While there’s no shortage of startups looking to replace Google with AI-powered search (we’re looking at you, Perplexity), a startup called Exa has a different idea: Google for AI.

People aren’t the ones who desperately need a new kind of search engine, Exa’s founders believe. Rather, as AI increasingly takes hold in corporate and consumer life, it is the AI ​​platforms themselves that must regularly go online to search for information and return bona fide answers, not hallucinations. And they can’t just type their requests on their keyboards.

Exa is building a tool that allows AI models to perform a sort of web search, but with an AI flavor.

The co-founders bought a million dollars worth of GPUs (which were easier to get in those days) and, using a vector database and embeddings (rather than a classic transformer-based LLM), they started building a machine learning model trained to understand naturally links and not words and sentences.

“Transformers usually predict the next word. We’re training our search engine to predict the next link,” says Bryk. “So people share links on the web; We use this data as the dataset for our model that we train. And we train the model to predict the next connection. So this is a new search algorithm.

So just as LLM would complete a sentence by providing the most likely next word, Exa’s system does so with the most likely link (or ten), but possibly minus the SEO spam and (ironically) the AI-generated traffic jam friend any regular search engine These days.

Image Credits: Exa

On Monday, the startup announced it had raised a new $17 million Series A round led by Lightspeed’s Guru Chahal, with participation from Nvidia’s venture arm NVentures and Y Combinator, it told TechCrunch exclusively. Exa has already raised a total of $22 million, including the previous seed of $5 million. (Exa was in summer, YC cohort 2021)

“It’s a very ambitious vision,” says Chahal. “What Google is for humans, they’re building for AI.”

The team was founded about a year before ChatGPT launched by two best friends who met their freshman year at Harvard: CEO Will Bryk (now 27) and co-founder Jeff Wang (26).

“We launched before ChatGPT. Our original goal as a company was not to serve AI at all. It was: How do you use AI to create better search?” Wang said.

After ChatGPT took the tech world by storm, AI companies started asking Exa for an API version of their search engine that they could incorporate into their models. Exa is based in San Francisco, part of the cozy Cerebral Valley AI startup suite. In fact, as TechCrunch previously reported, Wang’s tweet went viral when he was looking for other companies that wanted to get involved in ordering office nap capsules, and the response was overwhelming. (The work-nap-repeat culture is alive and well in this part of the tech industry.)

With AI companies already its primary customers, use cases for Exa’s search engine range from an AI chatbot that searches the web for information while answering customer questions to companies looking to prepare data for training.

Databricks, for example, is Exa’s main customer, using it to find large training sets for its own model training initiatives, the founders say.

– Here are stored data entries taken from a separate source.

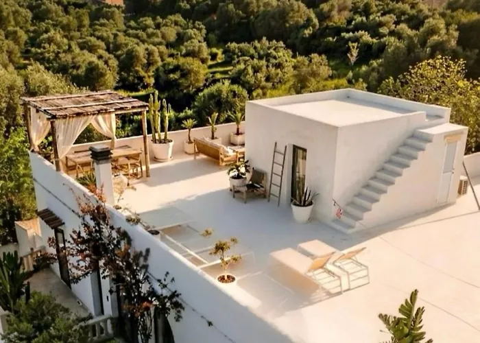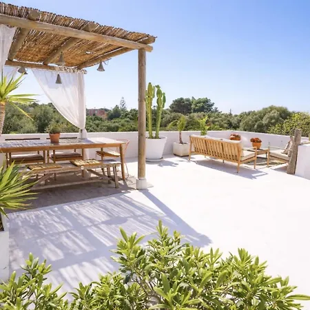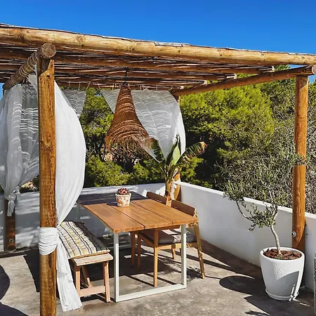De 2-slaapkamer Can Yuca I Santanyi villa ligt op 25 minuten te voet van het Natuurpark Mondragó en biedt een terras met uitzicht op de berg.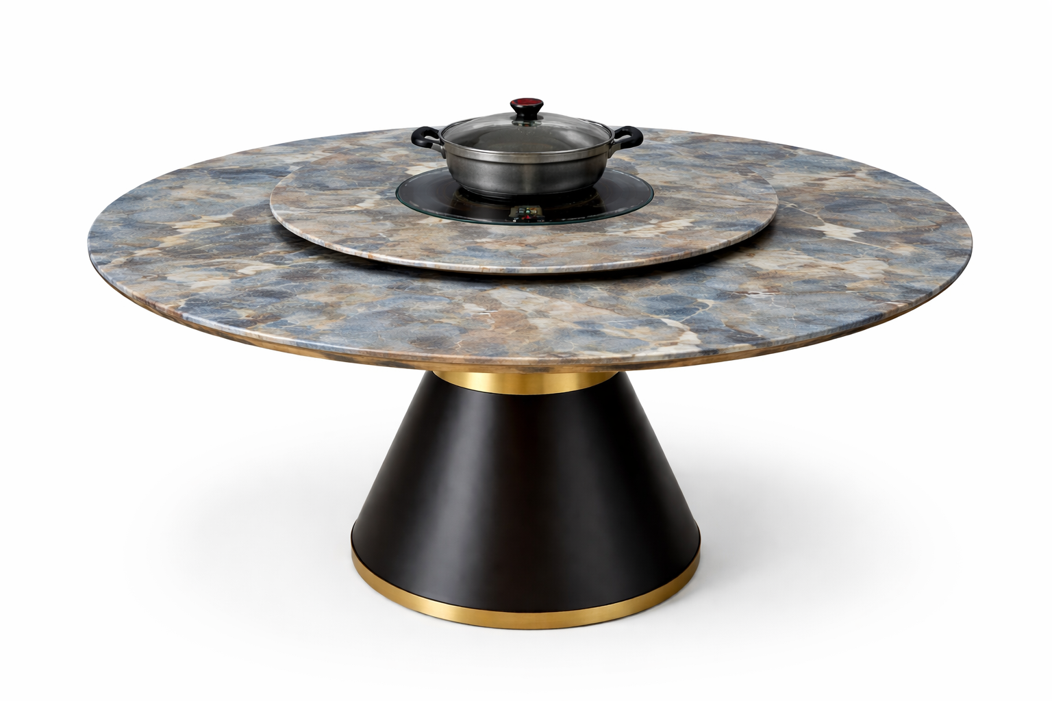 1 × Maharaja Marble Round Dining Table (1.5M) with Induction Cooker & Lazy Susan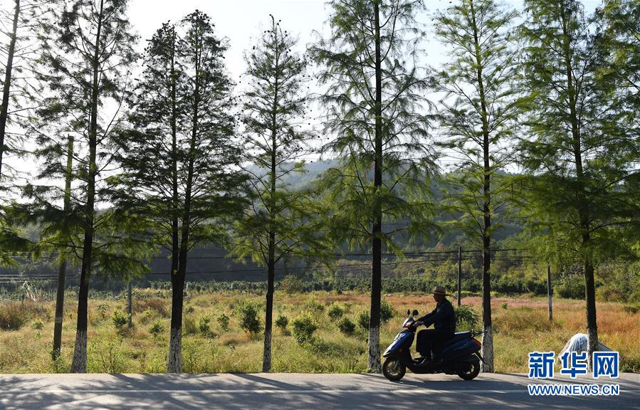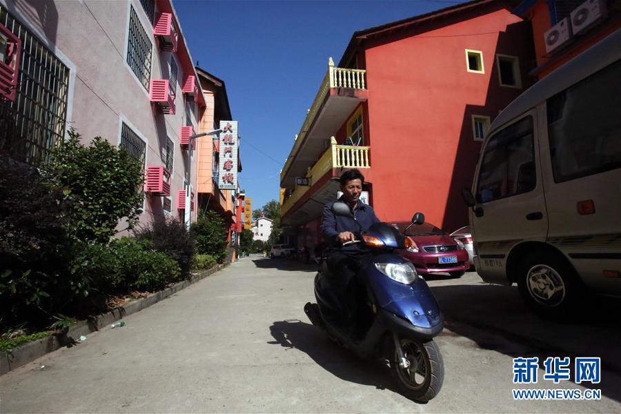 舒港發(fā)騎著電動車行進(jìn)在村子里(10月28日攝)。

The API version of the product was released about a year ago. “Since then, it’s gotten a crazy amount of traction,” says Wang. Today, Exa says it serves thousands of developers — although it’s worth noting that Exa has a free tier that allows anyone to try out its search engine in a limited way. It also has multiple tiered fee levels. The founders wouldn’t disclose revenue, other than to say they have it and it’s growing. (Interestingly, in addition to running its own GPU cluster, Exa hosts its product on AWS rather than the AI-centric Google Cloud.)

The team isn’t particularly focused on being the search startup that turns Google upside down. Although, if AI becomes everything the tech industry thinks it will be, AI bot search engines could be the unexpected threat to search hegemony.